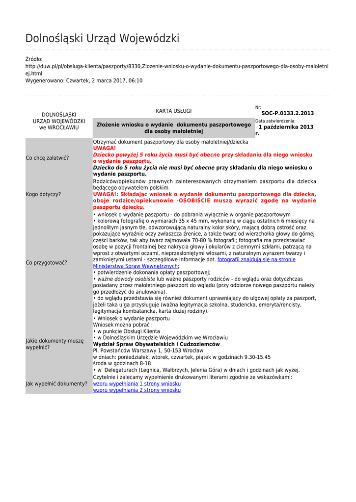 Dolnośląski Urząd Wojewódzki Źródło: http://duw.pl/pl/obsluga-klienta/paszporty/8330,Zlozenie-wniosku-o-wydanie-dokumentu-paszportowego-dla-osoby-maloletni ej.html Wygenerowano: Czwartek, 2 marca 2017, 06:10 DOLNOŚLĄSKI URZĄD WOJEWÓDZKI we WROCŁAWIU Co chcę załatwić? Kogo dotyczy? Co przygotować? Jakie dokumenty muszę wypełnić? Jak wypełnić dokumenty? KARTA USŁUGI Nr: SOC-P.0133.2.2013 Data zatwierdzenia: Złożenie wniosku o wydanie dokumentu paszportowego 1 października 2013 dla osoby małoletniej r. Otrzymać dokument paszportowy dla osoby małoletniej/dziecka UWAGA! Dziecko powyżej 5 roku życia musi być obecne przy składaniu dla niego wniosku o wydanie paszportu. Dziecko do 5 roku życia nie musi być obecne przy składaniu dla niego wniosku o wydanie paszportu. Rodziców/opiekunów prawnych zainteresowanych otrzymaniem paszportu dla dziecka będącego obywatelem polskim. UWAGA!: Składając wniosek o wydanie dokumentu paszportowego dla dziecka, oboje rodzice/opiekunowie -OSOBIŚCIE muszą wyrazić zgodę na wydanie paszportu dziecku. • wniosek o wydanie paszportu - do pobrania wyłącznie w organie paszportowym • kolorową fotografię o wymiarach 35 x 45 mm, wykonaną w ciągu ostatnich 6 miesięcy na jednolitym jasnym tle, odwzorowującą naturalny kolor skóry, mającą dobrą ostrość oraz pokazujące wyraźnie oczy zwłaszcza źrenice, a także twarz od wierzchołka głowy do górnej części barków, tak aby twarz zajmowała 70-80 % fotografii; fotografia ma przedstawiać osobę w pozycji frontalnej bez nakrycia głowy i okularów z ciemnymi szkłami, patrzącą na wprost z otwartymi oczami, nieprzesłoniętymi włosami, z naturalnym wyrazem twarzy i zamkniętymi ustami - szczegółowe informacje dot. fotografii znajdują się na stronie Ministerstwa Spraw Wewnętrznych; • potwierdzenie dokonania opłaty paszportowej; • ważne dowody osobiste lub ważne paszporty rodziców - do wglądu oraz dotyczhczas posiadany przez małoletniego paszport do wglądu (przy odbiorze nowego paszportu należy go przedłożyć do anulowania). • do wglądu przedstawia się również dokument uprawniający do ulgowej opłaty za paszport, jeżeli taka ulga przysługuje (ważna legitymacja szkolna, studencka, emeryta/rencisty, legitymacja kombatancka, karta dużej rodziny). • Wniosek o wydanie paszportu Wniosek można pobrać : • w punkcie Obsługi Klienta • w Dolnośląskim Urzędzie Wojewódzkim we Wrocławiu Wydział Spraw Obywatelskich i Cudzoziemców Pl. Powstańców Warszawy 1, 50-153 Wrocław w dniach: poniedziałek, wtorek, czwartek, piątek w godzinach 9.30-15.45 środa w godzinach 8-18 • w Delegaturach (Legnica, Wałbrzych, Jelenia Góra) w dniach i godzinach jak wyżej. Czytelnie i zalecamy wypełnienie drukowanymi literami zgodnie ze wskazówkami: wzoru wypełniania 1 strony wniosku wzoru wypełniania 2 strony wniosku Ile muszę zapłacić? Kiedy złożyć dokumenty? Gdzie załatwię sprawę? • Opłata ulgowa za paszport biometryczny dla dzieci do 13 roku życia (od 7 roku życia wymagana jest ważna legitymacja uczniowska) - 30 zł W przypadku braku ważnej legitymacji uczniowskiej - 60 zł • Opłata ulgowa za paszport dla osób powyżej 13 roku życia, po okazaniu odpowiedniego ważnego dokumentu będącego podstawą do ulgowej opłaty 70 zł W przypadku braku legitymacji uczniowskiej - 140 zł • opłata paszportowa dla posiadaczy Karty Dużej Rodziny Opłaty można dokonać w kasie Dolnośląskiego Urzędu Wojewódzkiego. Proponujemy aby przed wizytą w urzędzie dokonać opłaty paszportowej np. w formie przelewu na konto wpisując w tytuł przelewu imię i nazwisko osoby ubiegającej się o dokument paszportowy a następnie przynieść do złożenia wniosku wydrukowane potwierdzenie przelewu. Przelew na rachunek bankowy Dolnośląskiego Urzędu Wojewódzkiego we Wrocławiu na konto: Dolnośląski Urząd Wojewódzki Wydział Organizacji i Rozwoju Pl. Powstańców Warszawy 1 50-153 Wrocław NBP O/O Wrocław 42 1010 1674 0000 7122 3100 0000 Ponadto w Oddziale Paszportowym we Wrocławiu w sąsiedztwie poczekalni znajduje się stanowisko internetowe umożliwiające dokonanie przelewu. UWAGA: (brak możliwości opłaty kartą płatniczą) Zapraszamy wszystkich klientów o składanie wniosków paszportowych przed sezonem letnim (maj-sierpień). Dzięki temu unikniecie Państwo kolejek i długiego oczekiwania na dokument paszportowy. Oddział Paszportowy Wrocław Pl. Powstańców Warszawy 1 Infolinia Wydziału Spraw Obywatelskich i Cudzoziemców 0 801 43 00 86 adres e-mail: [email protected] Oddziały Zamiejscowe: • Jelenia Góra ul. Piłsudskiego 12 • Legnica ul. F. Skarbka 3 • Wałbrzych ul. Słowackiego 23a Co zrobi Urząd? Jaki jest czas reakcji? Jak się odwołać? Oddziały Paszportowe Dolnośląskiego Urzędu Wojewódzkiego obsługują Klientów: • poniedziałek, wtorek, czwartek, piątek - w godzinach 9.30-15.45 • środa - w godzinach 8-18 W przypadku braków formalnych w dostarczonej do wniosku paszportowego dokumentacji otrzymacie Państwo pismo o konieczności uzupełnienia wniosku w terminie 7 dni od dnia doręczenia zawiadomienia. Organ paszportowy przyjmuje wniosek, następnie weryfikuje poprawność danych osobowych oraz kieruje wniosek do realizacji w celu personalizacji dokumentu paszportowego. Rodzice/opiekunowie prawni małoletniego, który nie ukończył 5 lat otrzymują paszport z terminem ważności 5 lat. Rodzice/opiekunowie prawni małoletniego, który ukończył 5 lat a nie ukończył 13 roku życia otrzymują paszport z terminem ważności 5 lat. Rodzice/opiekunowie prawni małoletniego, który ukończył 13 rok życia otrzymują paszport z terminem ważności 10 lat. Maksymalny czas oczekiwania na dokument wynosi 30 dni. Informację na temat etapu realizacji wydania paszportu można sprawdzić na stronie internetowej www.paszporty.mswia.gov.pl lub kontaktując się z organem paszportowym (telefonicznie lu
==
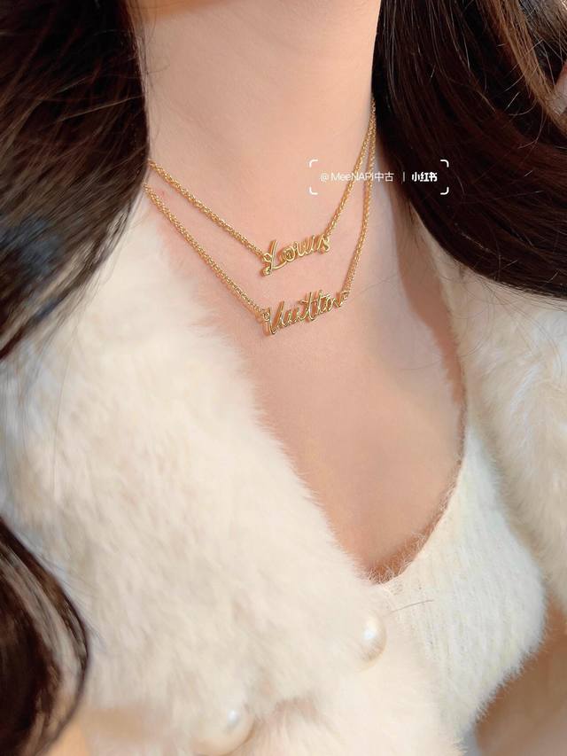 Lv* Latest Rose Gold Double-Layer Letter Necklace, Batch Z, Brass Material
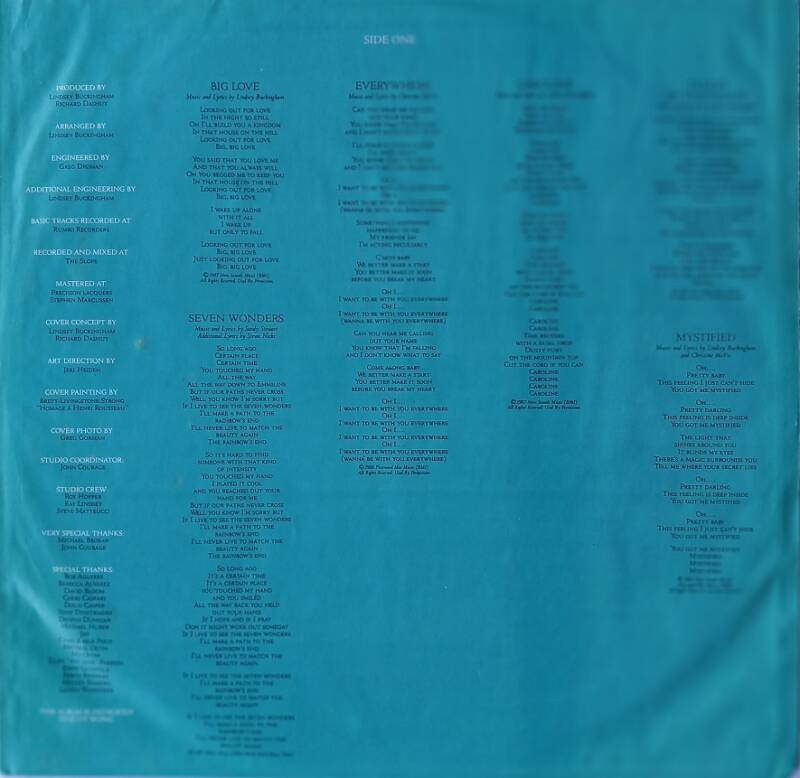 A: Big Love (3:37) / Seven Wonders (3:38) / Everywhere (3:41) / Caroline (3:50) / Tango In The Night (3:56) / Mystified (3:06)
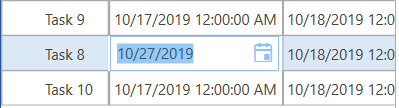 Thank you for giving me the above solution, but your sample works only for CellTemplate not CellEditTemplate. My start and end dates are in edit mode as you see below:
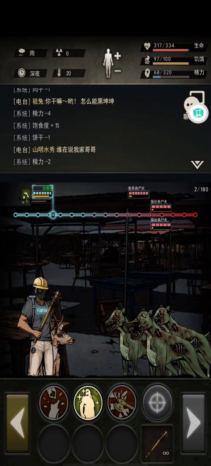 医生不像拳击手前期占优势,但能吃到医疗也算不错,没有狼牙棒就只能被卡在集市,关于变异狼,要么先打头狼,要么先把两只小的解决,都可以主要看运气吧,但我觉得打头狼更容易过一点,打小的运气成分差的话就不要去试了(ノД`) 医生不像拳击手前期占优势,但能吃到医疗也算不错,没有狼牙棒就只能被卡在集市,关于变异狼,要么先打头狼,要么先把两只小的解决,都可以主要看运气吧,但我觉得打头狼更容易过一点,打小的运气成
...
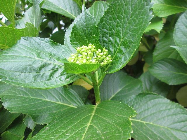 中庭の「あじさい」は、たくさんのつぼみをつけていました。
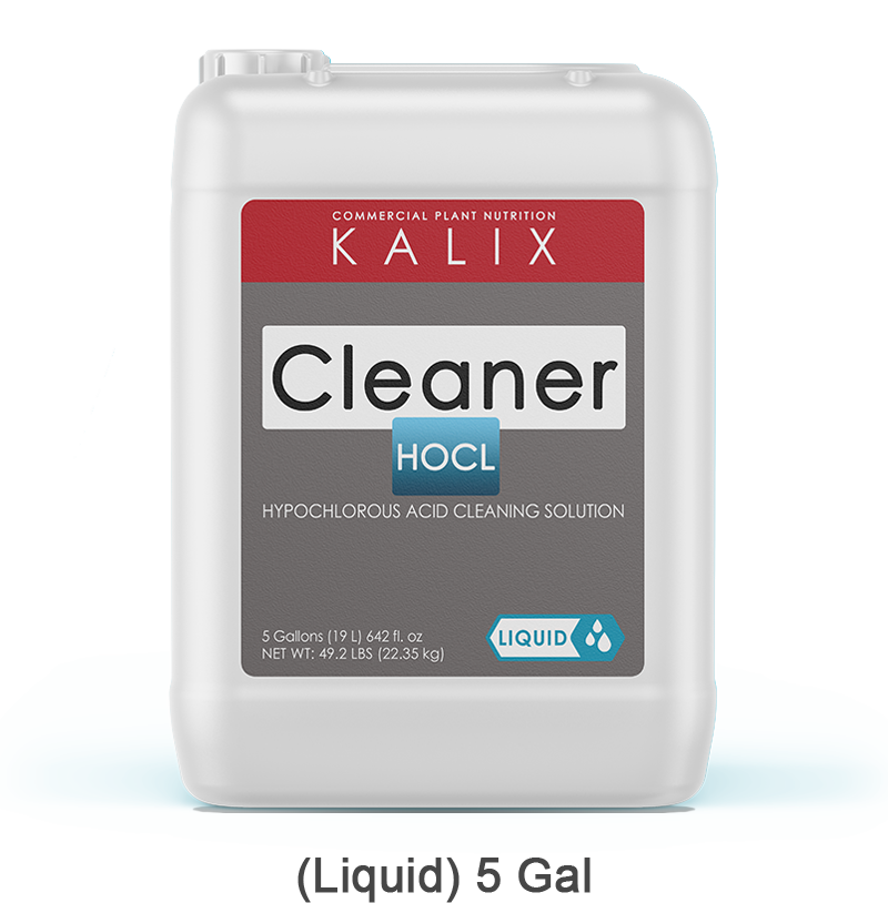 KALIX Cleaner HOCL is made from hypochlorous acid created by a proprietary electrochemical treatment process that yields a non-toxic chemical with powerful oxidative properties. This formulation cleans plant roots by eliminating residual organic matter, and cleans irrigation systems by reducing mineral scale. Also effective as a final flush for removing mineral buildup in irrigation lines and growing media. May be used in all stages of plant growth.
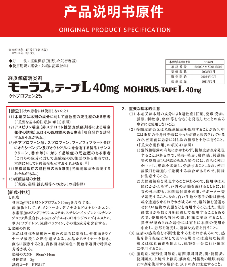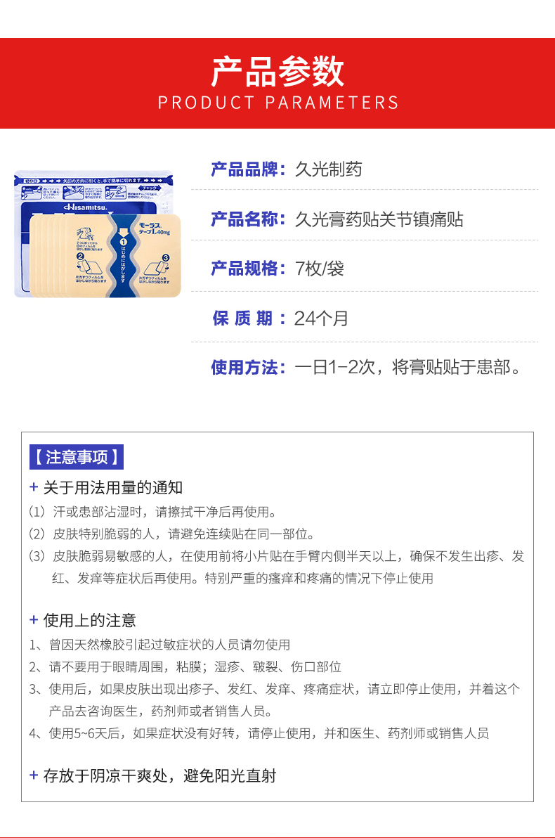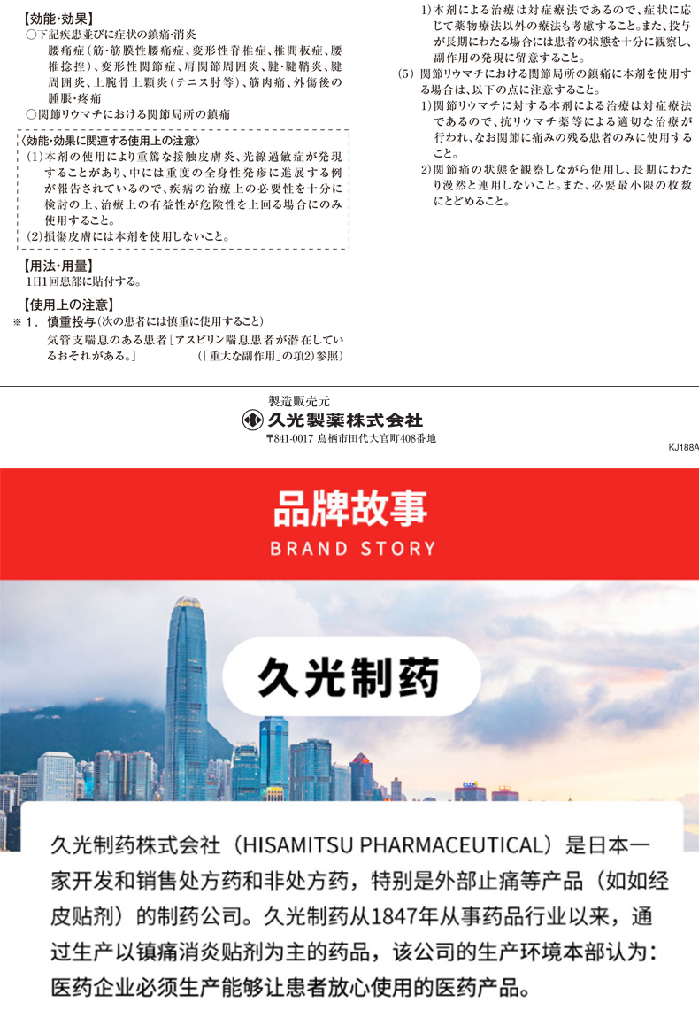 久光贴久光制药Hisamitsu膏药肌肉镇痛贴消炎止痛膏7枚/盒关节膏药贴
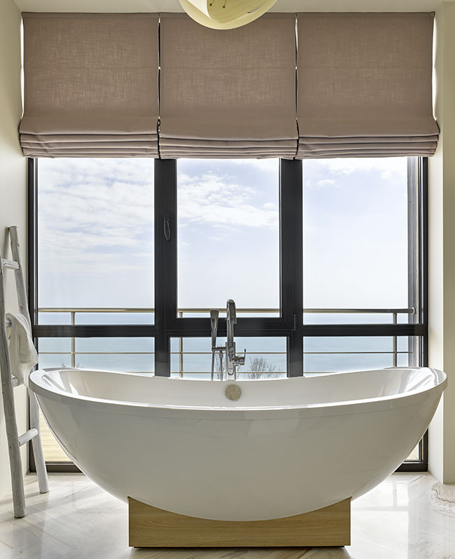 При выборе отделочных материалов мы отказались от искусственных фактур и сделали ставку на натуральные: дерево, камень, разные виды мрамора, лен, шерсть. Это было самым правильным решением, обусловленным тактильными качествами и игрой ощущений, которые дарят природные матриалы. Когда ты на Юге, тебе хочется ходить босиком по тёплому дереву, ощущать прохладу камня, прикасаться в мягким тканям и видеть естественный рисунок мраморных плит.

* [What you are asked to do]: The stretch above running from the line with "久光贴久光制药Hisamitsu膏药肌肉镇痛贴消炎止痛膏7枚/盒关节膏药贴" through the line with "При выборе отделочных" is all you should copy, exactly, leaving out the pictures.

* [Answer]:
 久光贴久光制药Hisamitsu膏药肌肉镇痛贴消炎止痛膏7枚/盒关节膏药贴
 При выборе отделочных материалов мы отказались от искусственных фактур и сделали ставку на натуральные: дерево, камень, разные виды мрамора, лен, шерсть. Это было самым правильным решением, обусловленным тактильными качествами и игрой ощущений, которые дарят природные матриалы. Когда ты на Юге, тебе хочется ходить босиком по тёплому дереву, ощущать прохладу камня, прикасаться в мягким тканям и видеть естественный рисунок мраморных плит.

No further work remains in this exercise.